Forza e valore della famiglia e della memoria

Sono molte le fotografie che Pacifico Di Segni ci mostra, ospitandoci nel suo appartamento. Sono immagini scattate nell’arco di anni e decenni, dense di eventi, esperienze, emozioni e affetti da cui traspaiono profondi legami famigliari e antichi valori ebraici. Illustrano la famiglia, i fratelli, i parenti, i compagni di scuola in via Eupili, la nave e lo stadio delle sue Maccabiadi e soprattutto il suo matrimonio celebrato nel 1959, al tempio di Roma, con Rosa Efrati.
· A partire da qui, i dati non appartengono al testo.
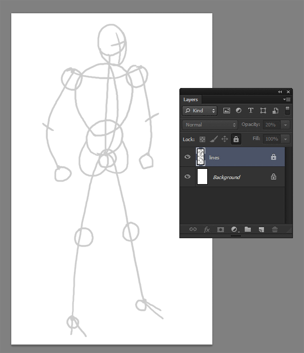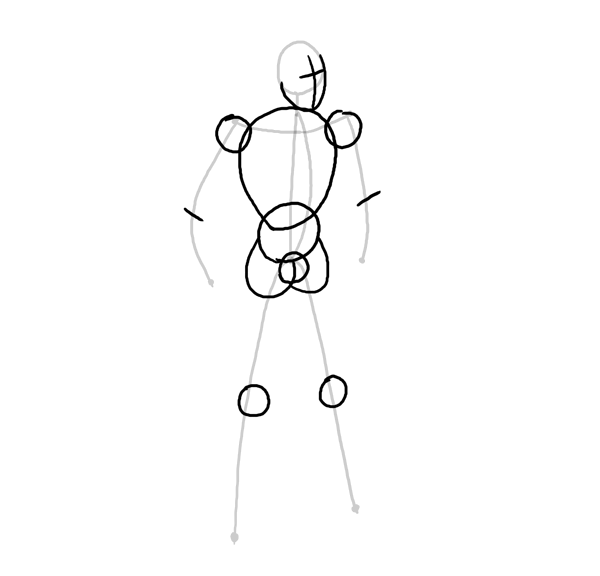 没有任何指导线就很难创建角色。让我们准备一个简单的草图,它将作为其余图片的骨架。传统上,可以用铅笔随意做。如果您不喜欢绘图,也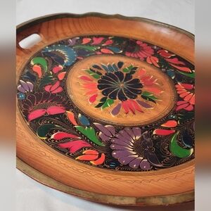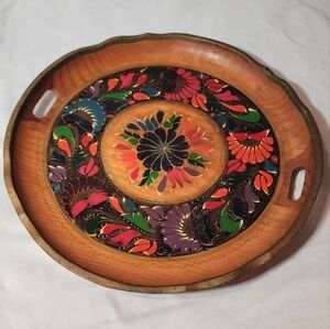 Beautiful wooden serving tray with vibrant floral design. Features a mix of colors including red, orange, green, and purple. Perfect for serving or as a decorative piece.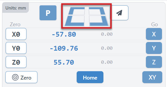 Four Rapid-Travel buttons to move your CNC at its maximum speed to any of your machine’s 4 corners (offset by 5mm). These should only be used once your machine is homed.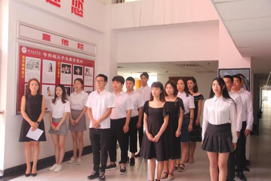 继续教育学院学生党支部于2018年6月6日上午10:00分,在伟德bv国际体育(新都校区)二教8楼中庭举行了“毕业生党员带领新党员重温入党宣誓仪式”。本次活动由学生党支部书记李玲老师主持。第72、73、74、75、76期入党积极分子没课的全部参加,在旁边观看。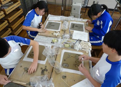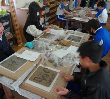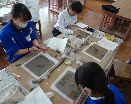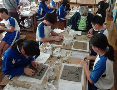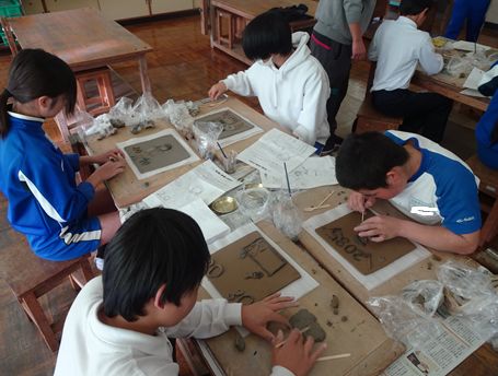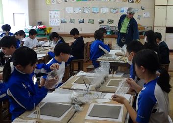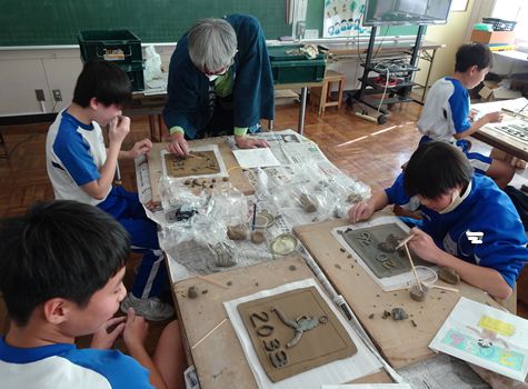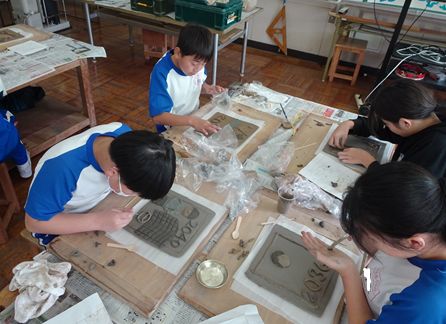 その下絵を設計図として、焼くと色の変わる粘土を工夫しながら幾重にも重ねて熱心に作成していきました。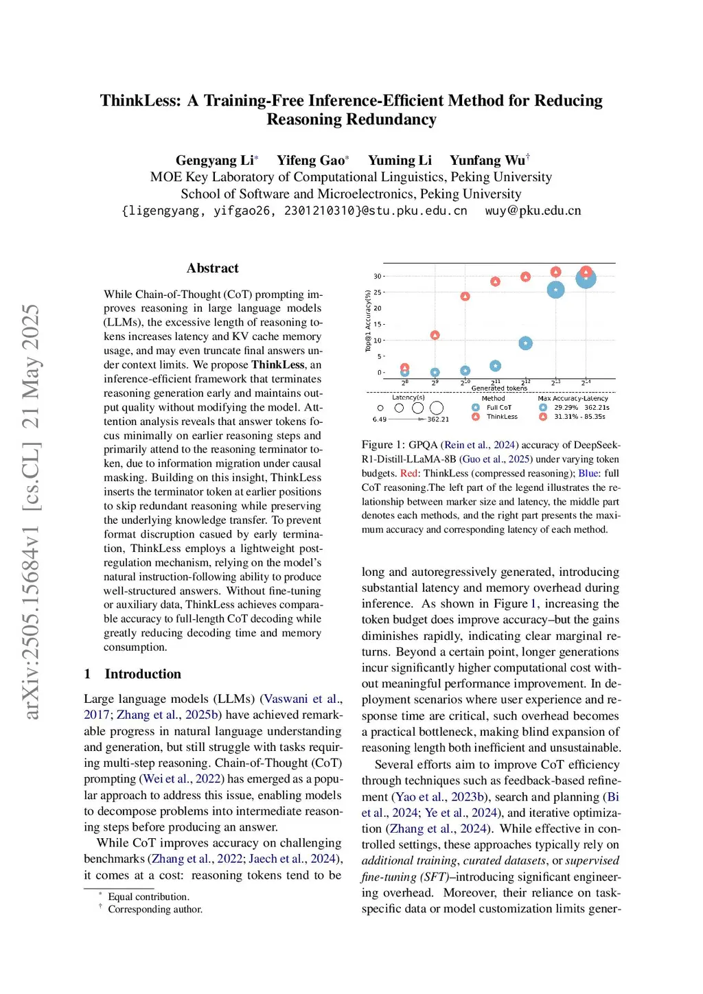While Chain-of-Thought (CoT) prompting improves reasoning in large language models (LLMs), the excessive length of reasoning tokens increases latency and KV cache memory usage, and may even truncate final answers under context limits. We propose ThinkLess, an inference-efficient framework that terminates reasoning generation early and maintains output quality without modifying the model. Atttention analysis reveals that answer tokens focus minimally on earlier reasoning steps and primarily attend to the reasoning terminator token, due to information migration under causal masking. Building on this insight, ThinkLess inserts the terminator token at earlier positions to skip redundant reasoning while preserving the underlying knowledge transfer. To prevent format discruption casued by early termination, ThinkLess employs a lightweight post-regulation mechanism, relying on the model's natural instruction-following ability to produce well-structured answers. Without fine-tuning or auxiliary data, ThinkLess achieves comparable accuracy to full-length CoT decoding while greatly reducing decoding time and memory consumption.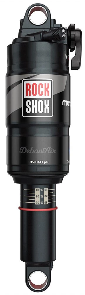 Un ressort pneumatique léger, hautement réglable, conçu pour offrir une sensation de bobine constante tout au long de la course – absorbant sans effort les plus petits coups et suivant les plus légers changements du terrain.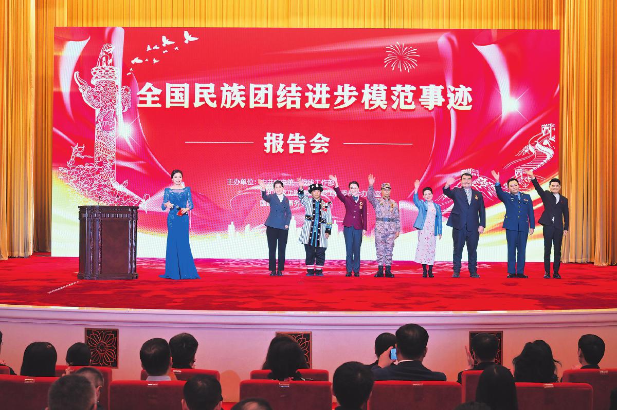 12月27日下午,由中央統(tǒng)戰(zhàn)部、黨和國家功勛榮譽(yù)表彰工作委員會(huì)辦公室、國家民委聯(lián)合舉辦的全國民族團(tuán)結(jié)進(jìn)步模范事跡報(bào)告會(huì)在北京人民大會(huì)堂舉行。包括桑南才在內(nèi)的8名全國民族團(tuán)結(jié)進(jìn)步模范集體和模范個(gè)人代表聚焦學(xué)習(xí)貫徹全國民族團(tuán)結(jié)進(jìn)步表彰大會(huì)精神,生動(dòng)講述圍繞鑄牢中華民族共同體意識(shí)主線團(tuán)結(jié)奮進(jìn)的感人故事。身著傈僳族盛裝的桑南才作為模范個(gè)人代表第一個(gè)登臺(tái)。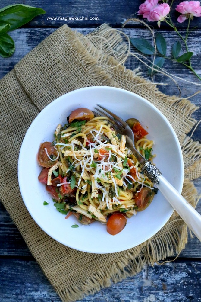 Ostatnie dni ciepła wykorzystujemy na prace w ogrodzie i przygotowujemy się do zbliżającej się jesieni. Robimy porządki i zrywamy ostatnie pomidory, a kiedy brak czasu na gotowanie taki makaron robi się praktycznie sam w15 minut i obiad na stole pyszny, aromatyczny z pomidorkami z ogrodu 😉 Polecam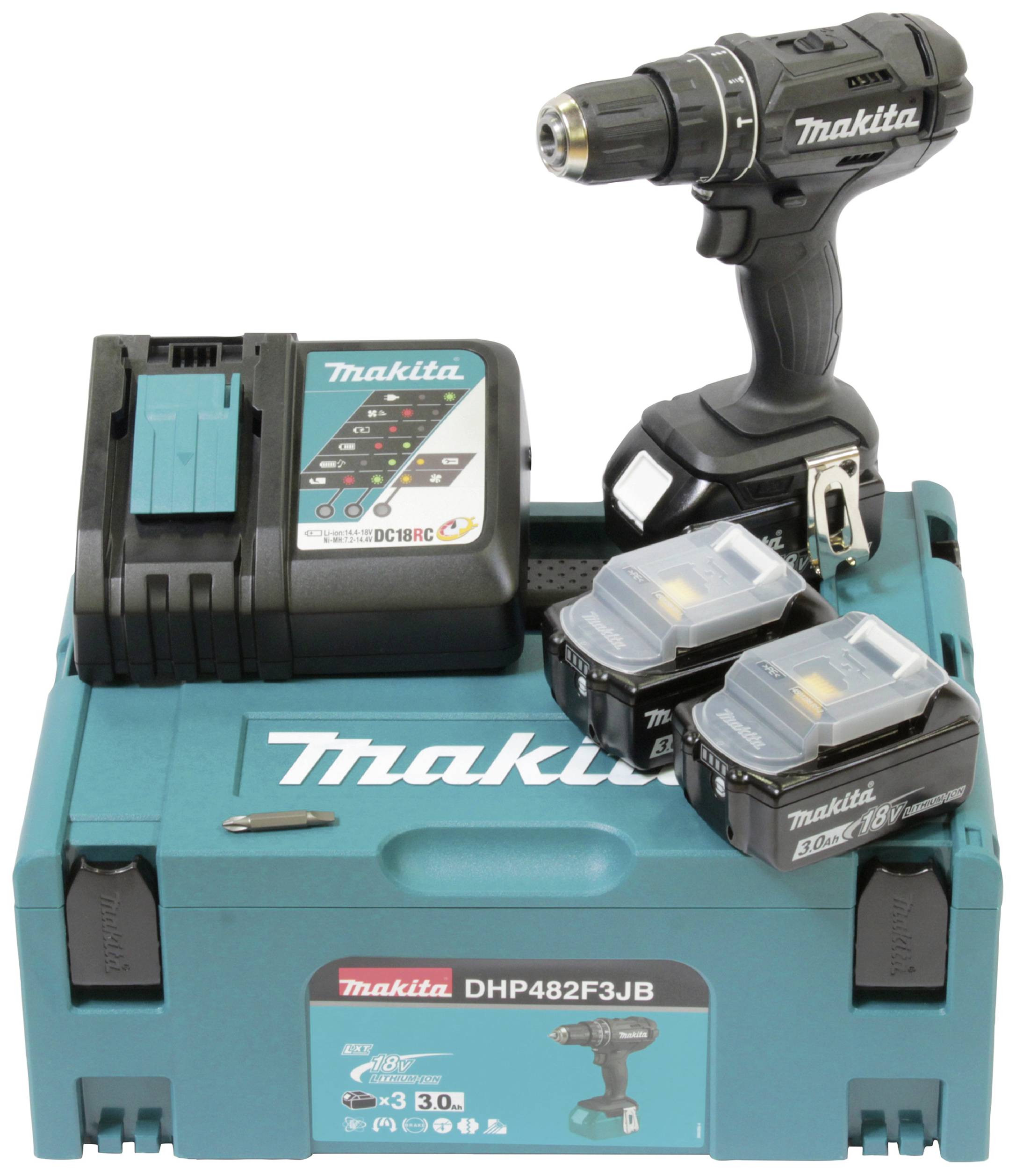 Makita DHP482F3JB 2-Gang-Akku-Schlagbohrschrauber inkl. Ladegerät, inkl. 3. Akku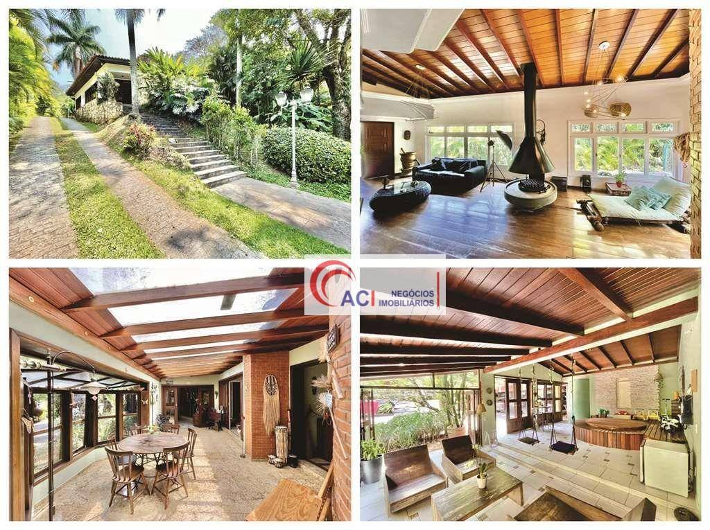 LINDA CASA ÚNICA NO RESIDENCE PARK! VENHA CONHECER! DIFERENCIADA DOS PADRÕES DO CONDOMÍNIO: PELO PROJETO ARQUITETÔNICO EXCLUSIVO, PELO SEU TAMANHO MAIOR, POR SER 90% TÉRREA, TER 6 SUÍTES E PRIVACIDADE TOTAL. No centro do condomínio, em um final de rua tranquila sem saída, em meio a muita natureza e com 3 palmeiras no jardim. Imóvel repleto de armários. Portas e janelas em madeira e vidro, com persianas e telas nos quartos. Pisos e tábuas largas, cerâmica, granito com molduras em madeira, porcelanato e Miracema. 4 acessos: social, garagem, lazer e serviço. Porta social dupla em madeira. Casa avarandada, bem arejada, envidraçada e iluminada. Living integrado para 6 ambientes, com lavabo. Estar, Lareira central redonda, Bar com armário, pia e balcão, jantar, sala de almoço e home theater com armários mais reservada. Copa cozinha planejada com bancada, 2 cubas inox, balcão e despensa. 6 SUÍTES NO TOTAL com armários e a master com closet. 5 SUÍTES - TÉRREO. 1 SUÍTE E ESCRITÓRIO - PISO SUPERIOR com ar-condicionado e 2 acessos: pelo hall íntimo - escada de madeira e pela área de serviço - escada caracol. Banheiros com tampos em mármore, espelhos, gabinetes, bidê e box de vidro, sendo a master jardinzinho e hidro. SPA - No corpo da casa: Deck com Ofurô redondo para 8 pessoas. Sauna úmida para 6 pessoas. Ducha circular. Vestiário. Salão de festas com anexo gourmet: churrasqueira, forno de pizza e espaço com coifa, já preparado para forno e fogão a lenha. Área de serviço aberta ensolarada, lavanderia fechada com tanque, quarto e banheiro de serviço. Oficina. Garagem para 14 vagas, sendo 4 cobertas + um grande pát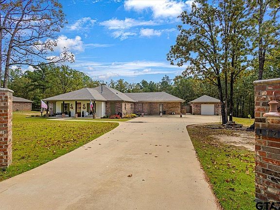 Enjoy the best of both worlds—peaceful country living just minutes from Tyler! This stunning 2.88-acre estate features two Acadian-style homes designed for comfort, convenience, and connection to nature. The 3,160 sq ft main home offers an open floor plan with a chef’s kitchen boasting a massive black walnut island, Taj Mahal quartzite countertops, double ovens, gas cooktop, and commercial-grade fridge and freezer. The living room includes a wood-burning stove and built-ins, plus an all-season sunroom for year-round enjoyment. The private primary suite features an oversized double shower, dual vanities, and large walk-in closet. Two bedrooms share a Jack-and-Jill bath, and the front bedroom is ADA accessible with its own en suite bath. Additional spaces include an office/craft room and home gym with exterior access, attached carport, and detached garage with epoxy floor. Step outside to your own retreat with a sparkling pool, hot tub, two covered porches, outdoor shower, and lush landscaping. Enjoy evenings around the gas-assisted fire pit or mornings in the greenhouse surrounded by raised flower beds with built-in irrigation and conduit for future electric. The 1,156 sq ft guest home mirrors the main home’s finishes with 2 bedrooms, 1 bath, open living space, sunroom, and attached garage—perfect for guests, extended family, or rental income. Extras include a UV air purifier on HVAC, exceptional craftsmanship, and countless upgrades. All this just a short commute to Tyler—where you can work in the city, then come home to unwind in your private sanctuary.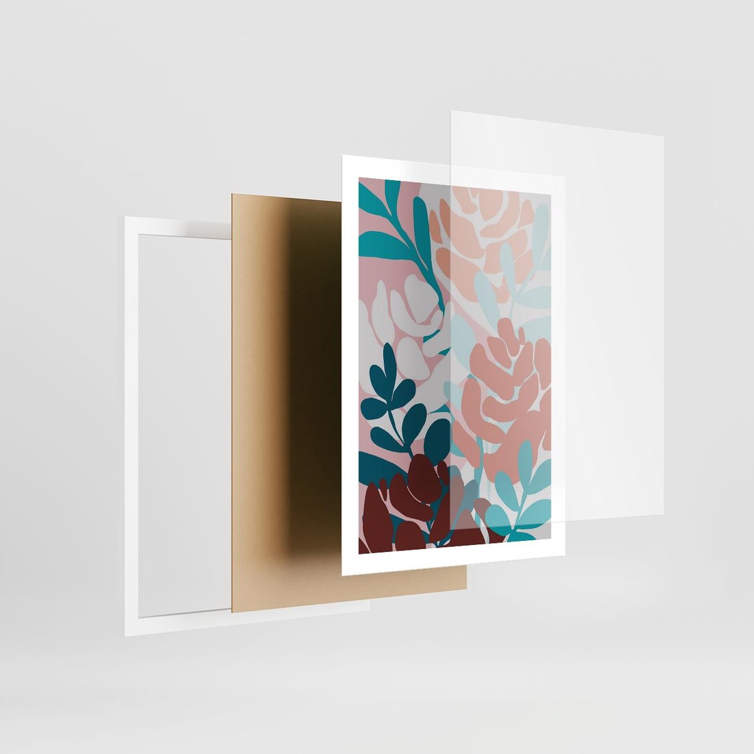 Abstrakcyjna kompozycja kwiatowych form ukazuje delikatne piękno natury w nowoczesny sposób. Zgaszone kolory dodają subtelności i tajemniczości, tworząc harmonijną i elegancką sztukę, która zachwyca swoją unikalną interpretacją.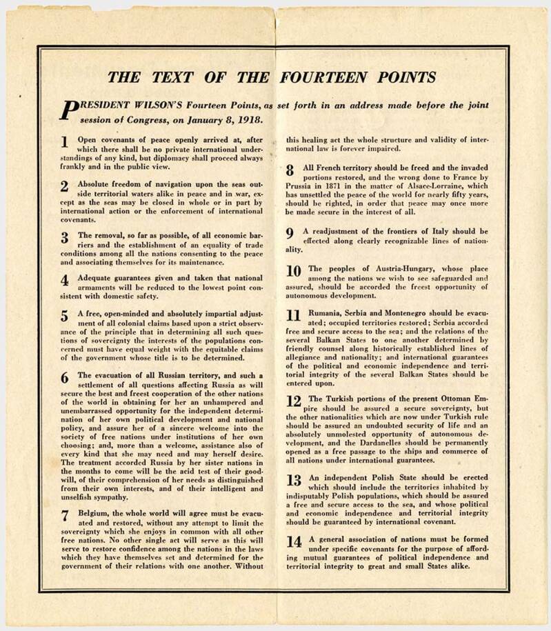 Transcript of President Woodrow Wilson's words from the 3rd Plenary Session of the Paris Peace Conference on the 14th February 1919.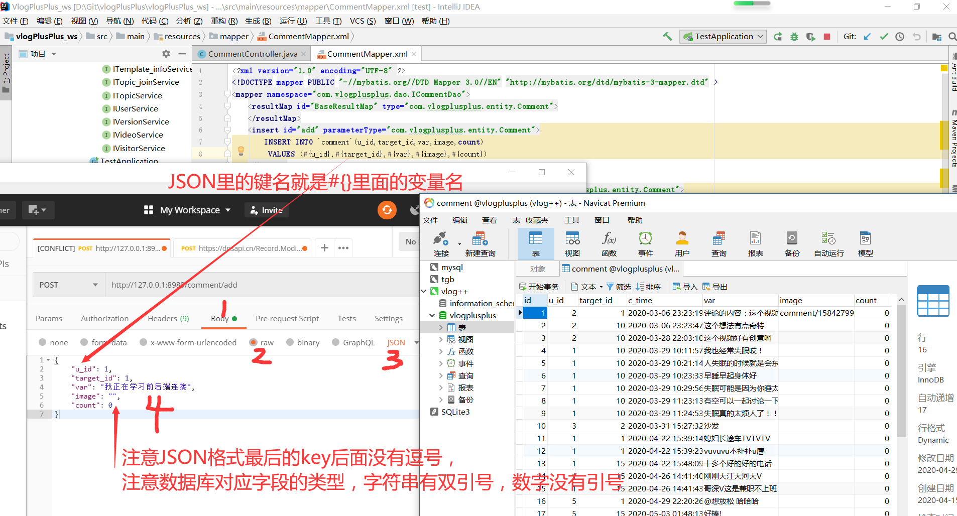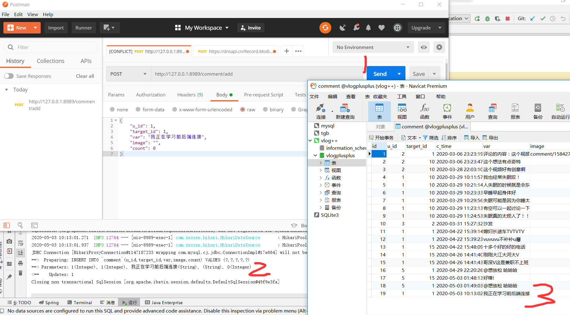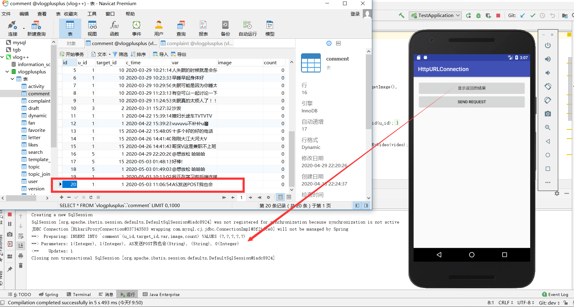 运行一下APP点击对应的按钮发送POST试试,看到IDEA和数据库这边都有反应,成功啦!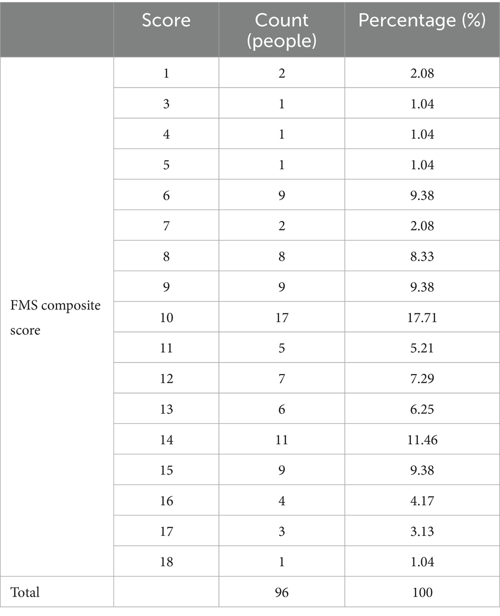 The statistical analysis of the distribution of the FMS composite scores for the Datong team (Table 4) reveals a wide range of scores. The lowest score recorded was 1, achieved by 2 individuals (2.08% of the participants), while the highest score reached 18, attained by 1 individual (1.04%). The most frequent score was 10, with a total of 17 participants (17.71%). Overall, the distribution of scores exhibits an inverted U-shaped trend, with the majority of FMS scores concentrated in the range of 8 to 15, accounting for 72 individuals (75.00%).

Un’unione matrimoniale di oltre cinquant’anni, dalla quale nascono due figli e poi cinque nipoti. Si erano conosciuti a casa di un cugino di lei, nella capitale. «Le nozze d’oro – sottolinea -, le abbiamo festeggiate in Guastalla». Fra i ricordi più preziosi della famiglia, ci mostra un cucchiaio col manico bucato e artigianalmente adattato anche a coltello, a colpi di pietra. Era dello zio di sua moglie, anche lui di nome Pacifico Di Segni, che venne deportato ad Auschwitz all’età di diciassette anni assieme a suo padre Giovanni e a Elia Efrati (padre di Rosa Efrati), che non sopravvissero. Tornò a diciannove anni, ma non ebbe mai figli perché subì esperimenti che lo resero sterile. Nel lager, quel cucchiaio «lo teneva legato a sé, aveva trovato uno spago da mettere intorno alla vita perché era riuscito a farci quel buco. Era un oggetto molto pregiato in quella situazione. Non se ne separava mai». Scomparso nel 2001, zio Pacifico non aveva quasi mai parlato della sua deportazione, di cui quel cucchiaio-coltello rende perenne testimonianza. «Oggi – conclude il signor Di Segni -, lo conservo fra le cose e le memorie più importanti della famiglia».